**Exercise description:** An exact copy of the listing below is the answer, with the pictures removed.

**Input data:**
BEGIN

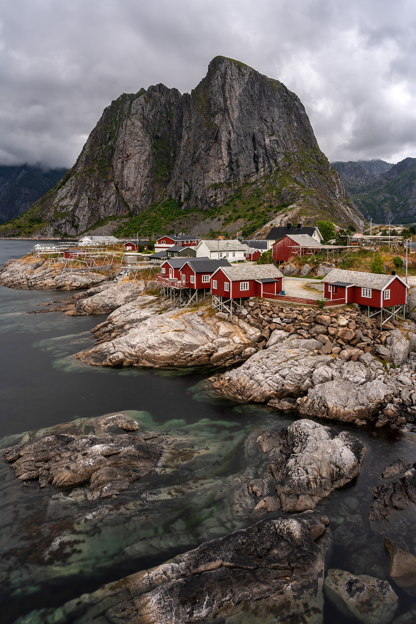 Lofoten staat bekend om zijn uit de zee reizende bergen en rode huisjes op palen, wat deze foto goed weergeeft.
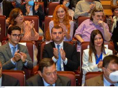 Την εμφάνισή τους στο πλάι των γονιών τους έκαναν τα δίδυμα του Κώστα Καραμανλή και της Νατάσας Παζαΐτη στο πλευρό των γονιών τους στην -πρώτη μετά από καιρό – ομιλία του πρώην πρωθυπουργού σε εκδήλωση γυναικείας οργάνωσης στο Μέγαρο Μουσικής.
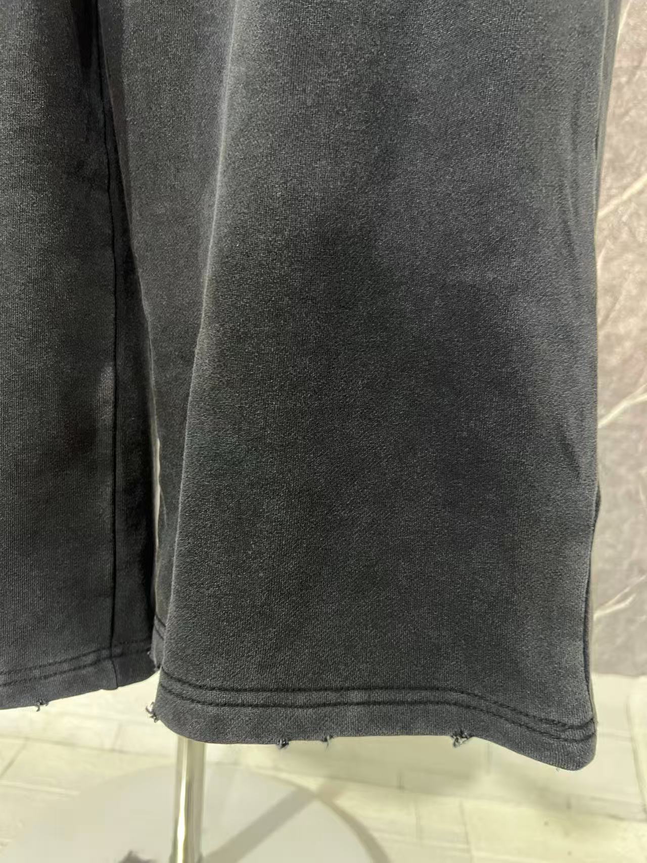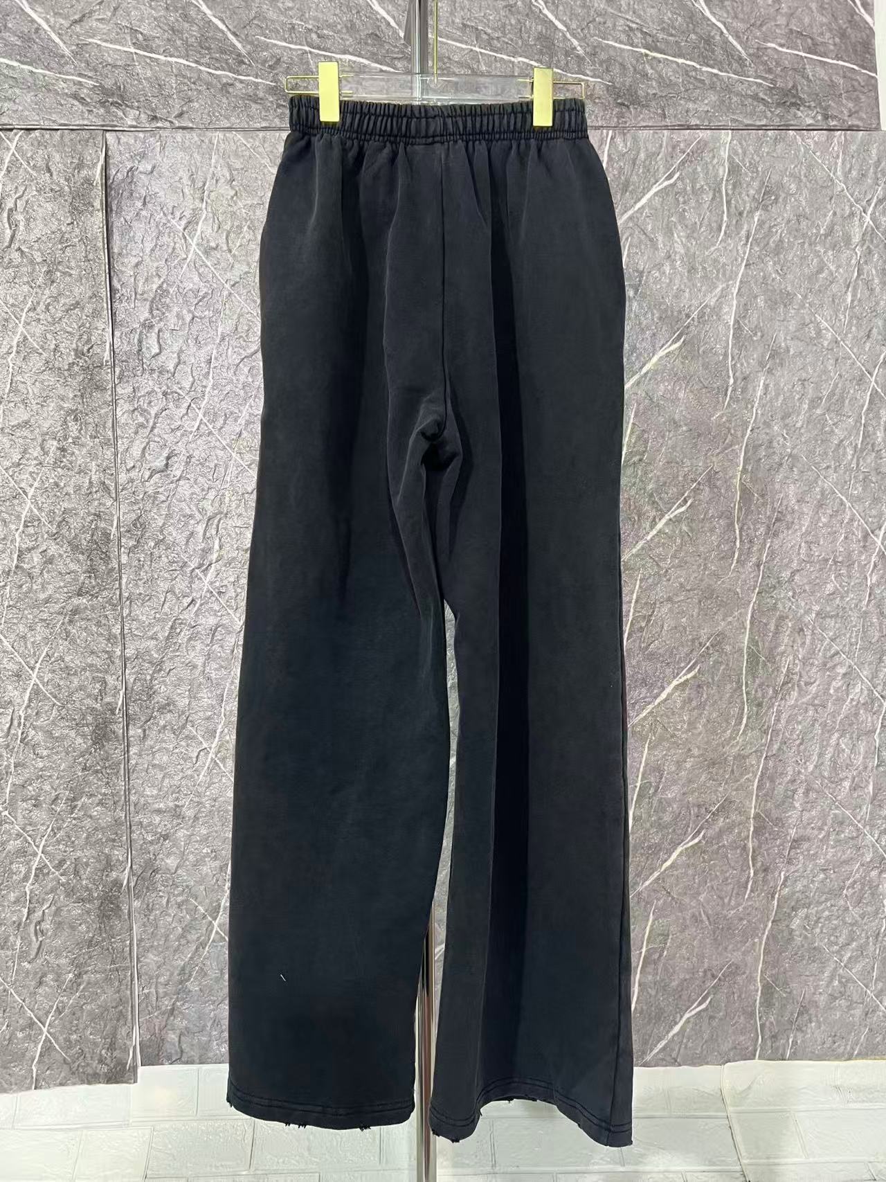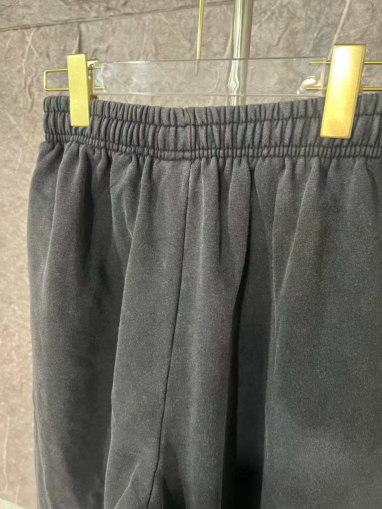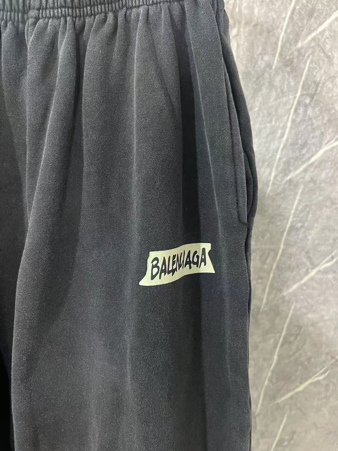 Balenciaga巴黎世家新款BLCG巴黎26fw新款 Tape Type立体胶带磨破情侣卫衣外套 套装 裤子 面料450G 螺纹480G 复古平纹面料是一种采用平纹织法制作的面料其特点是经纬纱线交织频繁 织物外观平整 纹理清晰 手感比较轻薄 面料采用较粗的纱线制成 呈现出一种复古的风格 具有良好的透气性和舒适度 前后幅字母采用立体胶浆印花 立体胶浆印花工艺是一种极具创造力和表现力的印花技术 它通过精确控制胶浆的应用 为纺织品带来了独特的质感和视觉效果 无论是细腻的线条 生动的纹理还是立体的图案 立体胶浆印花都能完美呈现 胚布成衣印花后进行炒色工艺制作而成 炒砂后面料轻微泛白 全身定位磨破细节处理 改变原面料颜色呈现出深浅一明暗不同的怀旧色彩

END

**Output:**
 Lofoten staat bekend om zijn uit de zee reizende bergen en rode huisjes op palen, wat deze foto goed weergeeft.
 Την εμφάνισή τους στο πλάι των γονιών τους έκαναν τα δίδυμα του Κώστα Καραμανλή και της Νατάσας Παζαΐτη στο πλευρό των γονιών τους στην -πρώτη μετά από καιρό – ομιλία του πρώην πρωθυπουργού σε εκδήλωση γυναικείας οργάνωσης στο Μέγαρο Μουσικής.
 Balenciaga巴黎世家新款BLCG巴黎26fw新款 Tape Type立体胶带磨破情侣卫衣外套 套装 裤子 面料450G 螺纹480G 复古平纹面料是一种采用平纹织法制作的面料其特点是经纬纱线交织频繁 织物外观平整 纹理清晰 手感比较轻薄 面料采用较粗的纱线制成 呈现出一种复古的风格 具有良好的透气性和舒适度 前后幅字母采用立体胶浆印花 立体胶浆印花工艺是一种极具创造力和表现力的印花技术 它通过精确控制胶浆的应用 为纺织品带来了独特的质感和视觉效果 无论是细腻的线条 生动的纹理还是立体的图案 立体胶浆印花都能完美呈现 胚布成衣印花后进行炒色工艺制作而成 炒砂后面料轻微泛白 全身定位磨破细节处理 改变原面料颜色呈现出深浅一明暗不同的怀旧色彩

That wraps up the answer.